Fables, because of course something always interferes with their confirmation. The authorities prevent a return to that mountain in Turkey. The pictures of the ark of the covenant are blurred, probably by Divine power. Of course the Roman Catholics, hard-core liars that they are, deny knowing Alberto Rivera. And would you actually expect them to confirm that they have thumbscrews, machine guns and torture racks in their church basements? They’re way too smart for that.
It is this lack of evidence that some find particularly convincing. In an online article in Adventist Today (among documents lost from our archive, unfortunately, due to a server error) I challenged Colin Standish’s claim that there were Jesuit infiltrators in the Seventh-day Adventist church, and asked him to name them. Dr. Standish replied, “If I speculated who they are, I would probably be in error. They would be too clever for me to identify them.” The impossibility of proof is, it seems, proof. Of Alberto Rivera I’ve heard, “The Catholic church was behind discrediting him. That’s how we know he was telling the truth.” Though it was known that John Todd had been in prison for sex crimes (he died in a mental hospital after serving years in a South Carolina prison for rape) the cassette-listeners in my church insisted that Satan was orchestrating a conspiracy against John Todd because he was bringing hidden things to light.
Though these stories are meant to reinforce our beliefs, they’re drawn from the same vat of bilge as UFO abductions, haunted mansions, and therapeutic magnetic bracelets. The latest contribution to the Adventist mythology, that the antediluvian world was peopled with advanced genetic scientists who were able to do with DNA what can’t yet be done today, is not original either: Erich von Däniken in Chariots of the Gods? collected archaeological data (most, as it turned out, spurious) to show that early peoples possessed advanced scientific knowledge; just edit out von Däniken’s conclusion that it came from space aliens.
These tales have little to do with the Bible. They are introduced to bolster certain interpretations of the Bible, and make some details more vivid. But in fact they are extra-biblical, with far less to recommend them as worthy of belief than the Bible as it stands.

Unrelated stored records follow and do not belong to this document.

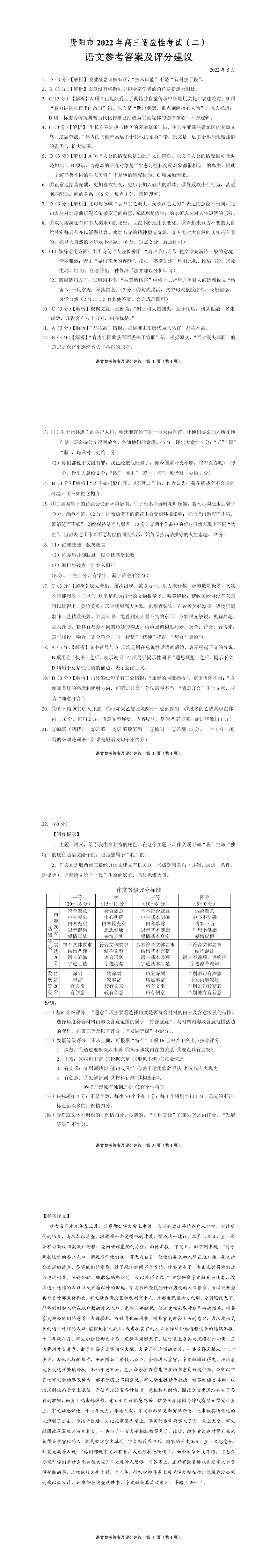 二模:贵阳市2022年高三适应性考试(二)语文参考答案及评分建议
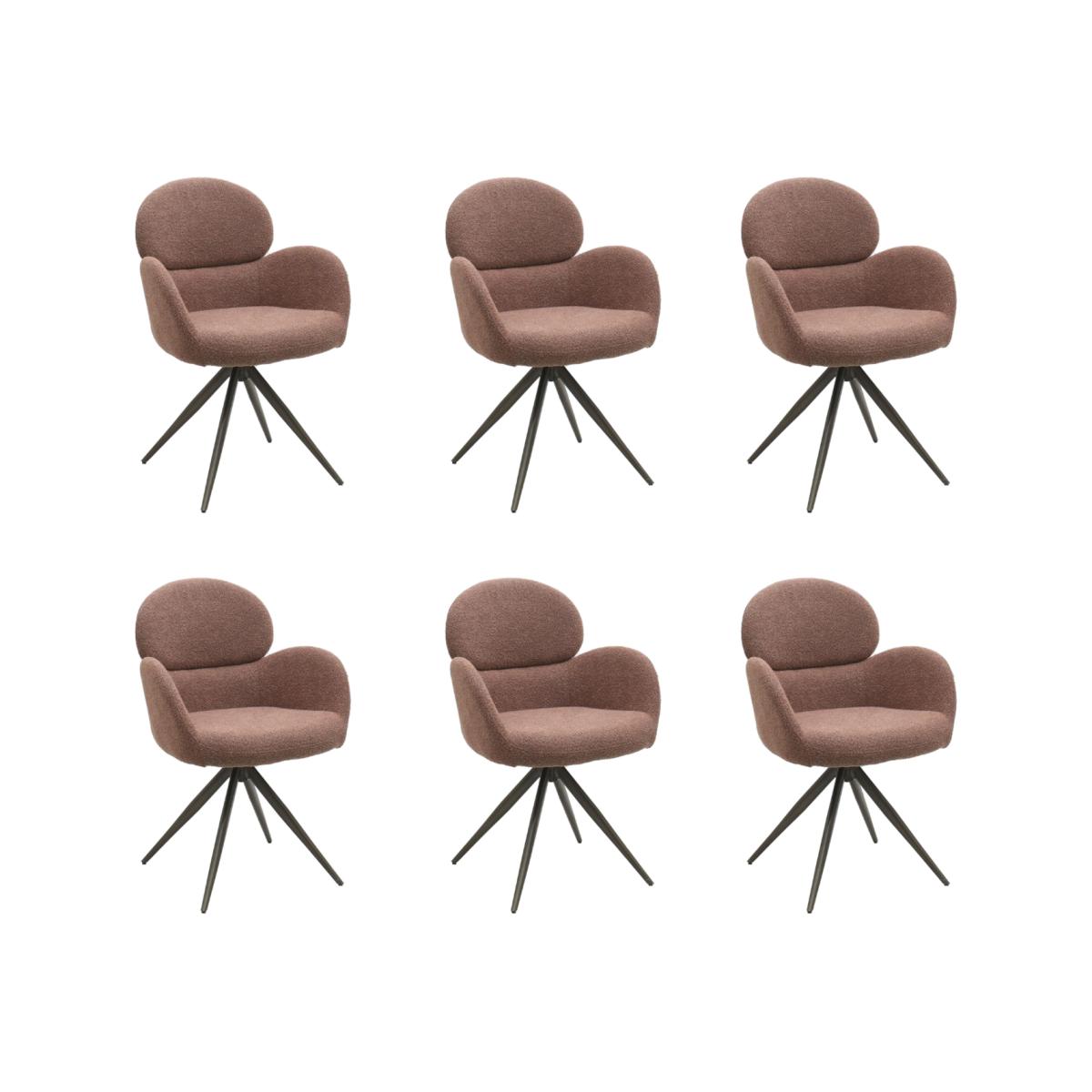 Enjoy ultimate flexibility and convenience with a full 360-degree swivel feature, perfect for dynamic seating options in dining or living spaces. The soft boucle fabric in a warm rust tone adds a touch of retro elegance while being cosy and inviting. The curved, cocoon-like backrest creates a unique silhouette, blending vintage charm with contemporary style. Sleek bronze-finished legs complement the rust boucle fabric, adding a sophisticated contrast and stability. Designed for larger households or entertaining, these set of four dining chairs combines comfort, durability, and a modern style, perfect for family meals or hosting guests. Introduce a retro flair to your home with these Rust Boucle Swivel Dining Chairs. Upholstered in plush rust boucle fabric, these chairs offer both comfort and style. The cocoon-like curved backrest provides a cosy seating experience, while the 360-degree swivel feature ensures versatility for dining, working, or relaxing. Supported by elegant bronze-finished legs, these chairs combine practicality with timeless design. Ideal as a set of six, they make a stunning addition to any dining table, kitchen, or even as statement pieces in your living space.
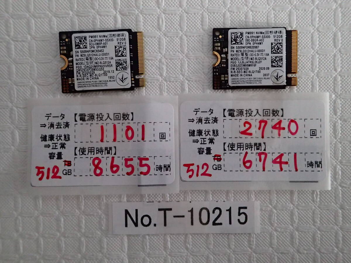 T-10215 / SSD / SAMSUNG / M.2 2230 / NVMe / 512GB / 2個セット / ゆうパケット / 消去済み / ジャンク扱い | |||
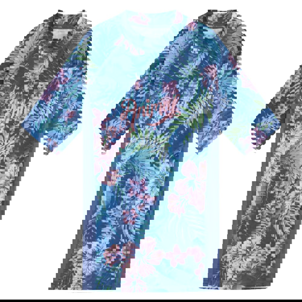 Animal Kids Daisy rash top in purple with a printed design of flowers, leaves and logo. Made from 85% recycled polyester and 15% elastane, with a crew neck and pull-over fastening. Durable, quick-dry fabric technology and flatlock stitching.
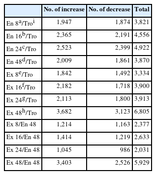 Table 1Number of genes showing significant increase or decrease (more than 2-fold) during encystation and excystation
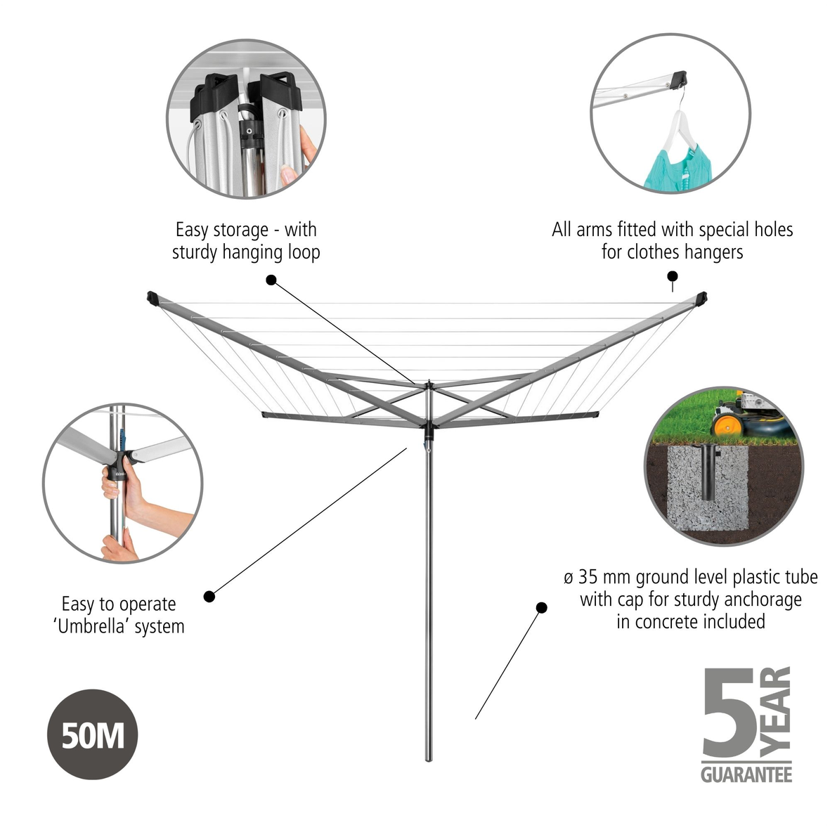 - Can hold up to four machine loads of laundry - 4 arms, 50 m/164 ft of superb drying line.
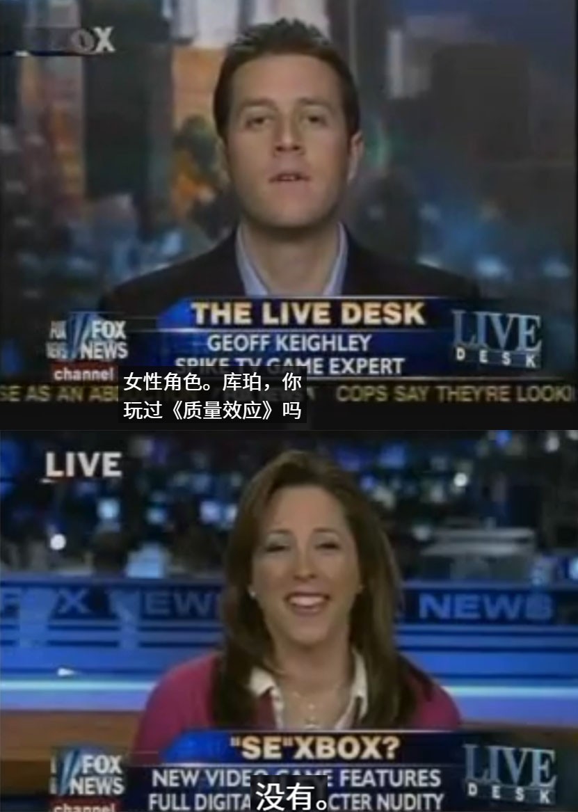但事实却是,偏见一直存在。当Bioware在2007年发布《质量效应》时,仅露出大腿和侧乳的蓝色外星人,就引起了舆论的轩然大波。于是,FOX电视台邀请了彼时还是小年轻的“TGA的主理人”杰夫老哥,与女性社会活动家同台辩论。后者拿出我们熟悉的论调“玩家会分不清游戏与现实”“玩家会对性麻木”“会不正确地对待女性”——但当杰夫哥压住“白眼”的冲动,礼貌询问她是否玩过游戏时,她的回答却是“没有”,她只是云出的道理。

They come with no real evidence, their origins are suspect if known at all, and they are not worth even a smidgen of real faith.
This problem, I will remind you, has not been with the so-called progressive Adventists, those who get accused of lacking faith because they don’t insist on perfect consistency between a word-literal interpretation of inspired sources and the real world; instead our ever-evolving mythology betrays a crisis of faith among a set of conservative Seventh-day Adventists who appear willing to mix into the narrative almost anything that will allow them to interpret the Bible and Ellen White on their own terms. While all of us believe that the Bible speaks truth, these latch on to incredible stories in an effort to make it more acceptable to them, revealing thereby their own inability to believe the Bible’s truths unless they’re framed in make-believe.
This must be what Paul was writing about when he said, “For the time will come when men will not put up with sound doctrine. Instead, to suit their own desires, they will gather around them a great number of teachers to say what their itching ears want to hear” (2 Timothy 4:3).
It is too late for Billy Graham to become a Seventh-day Adventist, and this will undoubtedly be a disappointment for some. (Though I won’t be surprised should we hear speculation that he was one of us secretly: myths like this are so important that almost any rumor will be pressed into service.)
I doubt, though, his not joining our denomination will keep him out of the kingdom; if that were the criterion for salvation, I’m not sure I’d want to be there myself.
Loren Seibold is a pastor and the Executive Editor of Adventist Today. Parts of this article appeared in a column on the Spectrum website.